GOLDEN VALLEY, Minn. - If you have a 401(k) account and maintain exposure in bonds, you may or may not be fully aware of the potential negative effect on those investments when interest rates go higher.
Understanding your options now may behoove you before the situation occurs. Dan Ament, Financial Advisor with Morgan Stanley in Wayzata, shared some perspective on KARE 11 Sunrise.
Assess your portfolio - A common component found within a well-diversified portfolio are bonds; especially for those investors who are approaching retirement or already retired. Bonds come in many varieties and flavors, too many to elaborate here. That said, if you hold bond funds within your 401(k), it would be wise to understand what type of exposure you have if or when rates move higher. Understanding this as well as available alternatives within your 401(k) options will allow you to better maneuver your portfolio in the future.
Interest rates up, bonds down - Generally speaking, when interest rates move up, bond prices move down. While the degree of sensitivity depends on a variety of factors, it is important for bond investors to understand this relationship and the potential impact on their fixed income exposure. A general guide to determine potential impact? Amount of increase in interest rate x the duration of your bond portfolio. For example, if rates rose by 2% and the duration of your portfolio was approximately 5 years, you would expect to see the potential for a 10% decline in the value of the bond portfolio.
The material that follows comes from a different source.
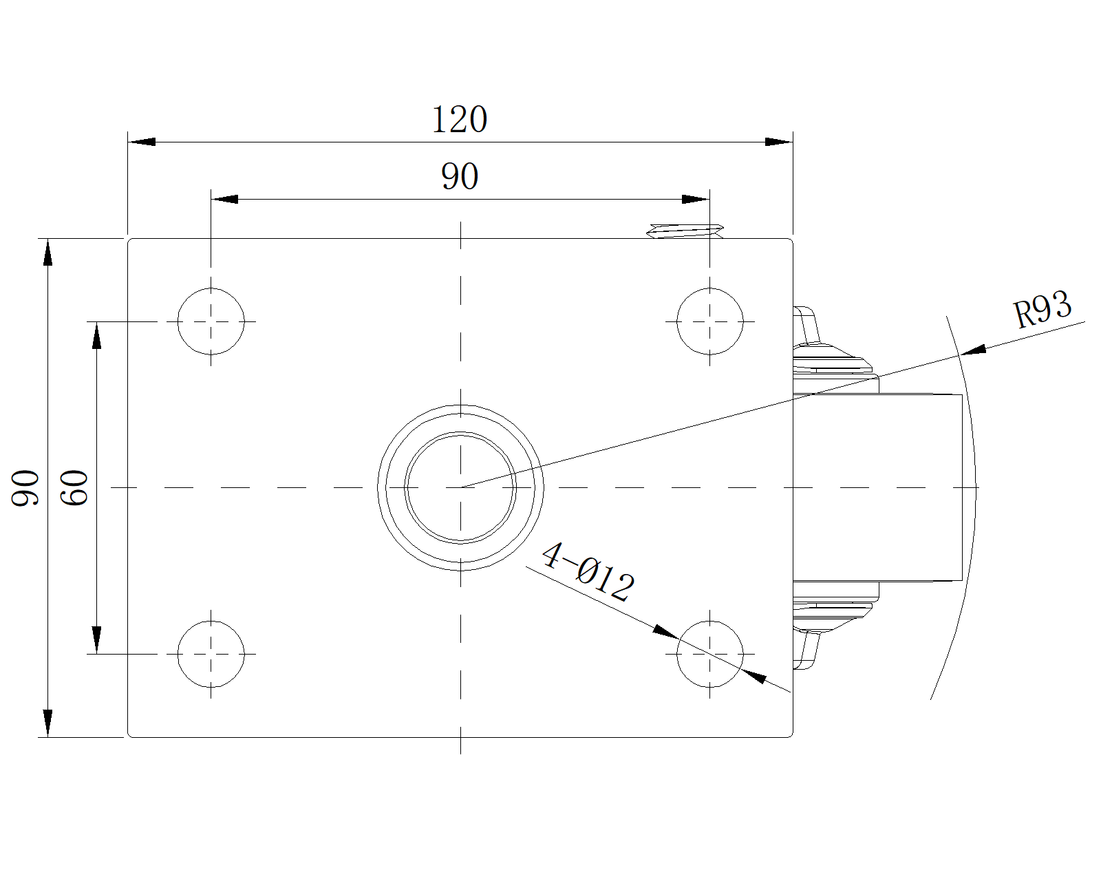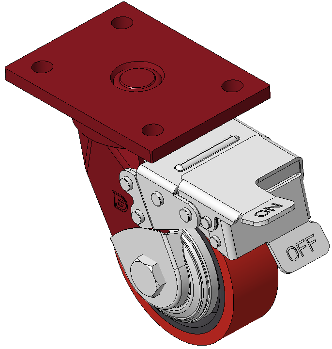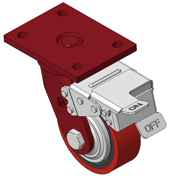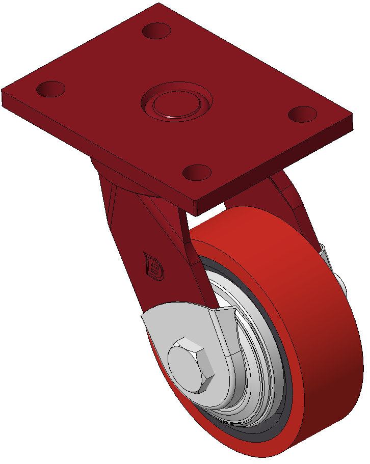Hoàn thiện sơn đỏ, lắp đế, khoảng cách lỗ 90x60 Lõi gang với gai polyurethane chất lượng cao, phay màu đỏ Vòng bi bánh xe—vòng bi chính xác với nắp chống quấn đặc biệt |

Stable value funds in 401(k)s - Stable-value accounts are available in half of all defined-contribution retirement plans, according to the industry's Stable Value Investment Association. At the end of March, the average stable-value yield was 2%, according to an index compiled by Hueler Cos., a Minneapolis research firm. Stable-value accounts are designed to have a steady value on which you earn interest. About 44% of the dollars in stable-value accounts are invested in traditional guaranteed investment contracts, or GICs, issued by insurance companies, according to the industry association. While stable-value accounts are intended to minimize investors' risks, they aren't risk-free.